AI in Broadcast Workflows: The 2025 Transformation

AI is our 2025 version of that shift—only this time, rather than revising the narrative, it’s about how we run the entire business behind it. Where AI really shines in our world is not in writing or directing talent—it’s in all those things that fill the pantry. Take media management. Every single frame we capture today becomes data, and there is just a hell of a lot of it. AI can watch, listen, and mark our clips for us—pick out faces, transcribe dialogue, read signage—so the shot you need is searchable in seconds, not gone in a hard drive cemetery. I’ve lost entire afternoons searching for “that one exterior shot with the blue car” from two seasons ago. AI can deliver it before you’ve even reached the bottom of your coffee mug.

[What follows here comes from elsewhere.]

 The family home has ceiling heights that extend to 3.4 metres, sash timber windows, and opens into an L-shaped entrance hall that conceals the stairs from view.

AI in Media Management and Cloud Storage Solutions

Throw that into a well-organized NAS or private cloud, and you’re talking real, measurable hours saved every single week. That level of velocity is habit-forming, but with it comes a quieter menace we don’t talk about nearly enough: the erosion of the apprenticeship model that’s built this business for a hundred years. Not merely that an assistant editor isn’t learning by making cuts or syncing dailies, but they’re learning by sitting in the room with the senior editor—watching the choices they make, hearing the why of the cut, drinking in pacing and problem-solving nearly by osmosis. If AI is taking over the mechanical work, there’s a fear that the assistants never even get in the room to start. And if they’re not in the room, they’re not learning.

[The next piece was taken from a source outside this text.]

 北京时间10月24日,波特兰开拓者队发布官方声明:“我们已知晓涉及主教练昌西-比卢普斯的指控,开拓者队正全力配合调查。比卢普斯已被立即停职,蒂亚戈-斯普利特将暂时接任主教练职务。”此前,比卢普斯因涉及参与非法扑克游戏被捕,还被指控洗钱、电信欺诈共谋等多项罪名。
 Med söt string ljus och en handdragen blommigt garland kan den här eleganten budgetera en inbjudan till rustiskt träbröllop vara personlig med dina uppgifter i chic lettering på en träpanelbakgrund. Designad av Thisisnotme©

AI in Apprenticeship Training and Career Development

We’ve already seen versions of this in other fields, where entry-level jobs disappear because the “entry-level” tasks have been automated, leaving no natural on-ramp for the next generation. But there’s a flip side. Used thoughtfully, AI could actually enhance the apprenticeship model. If assistants are not bogged down half the week fighting with media or re-exporting a file for the fifth time, they are able to spend more of their hours listening, testing, and getting hands-on with creative problem-solving with a mentor watching over them. Imagine an AI system performing the drudge work at night, and the next day’s schedule open for an assistant to sit with a senior editor and work through a critical scene assembly. The AI will set up possibilities, but the human mentor has the final say as to which direction to head—and be able to explain why.

AI in Media Workflows: Efficiency Without Job Cuts

That’s not replacing apprenticeship; that’s accelerating it. And here’s something to keep in mind for any leader: AI deployment must never be about cutting headcount simply to conserve costs. Efficiency is necessary, to be sure, but firing workers to cut payroll expenditures is a short-term win with long-term costs. The real power play is accomplishing more using the same number of heads—doing more, better, and quicker, and increasing revenue growth while maintaining (or even boosting) quality.

AI for Revenue Growth and Content Expansion

Increasing revenue always beats simply cutting expenses, and if you can do both, that’s the holy grail. There is a production team that installed an AI-based search and logging system across its archive. It wasn’t to cut the staff—it was to allow the staff it had to handle a lot more output, increasing revenue opportunities. They were able to get what they required in a matter of moments and make more highlight reels, deploy more short-form content, and feed more digital outlets. The result wasn’t fewer jobs—it was more product, more engagement, and more chances for revenue.

That’s how AI should work—not as a human substitute, but as a force multiplier for humans.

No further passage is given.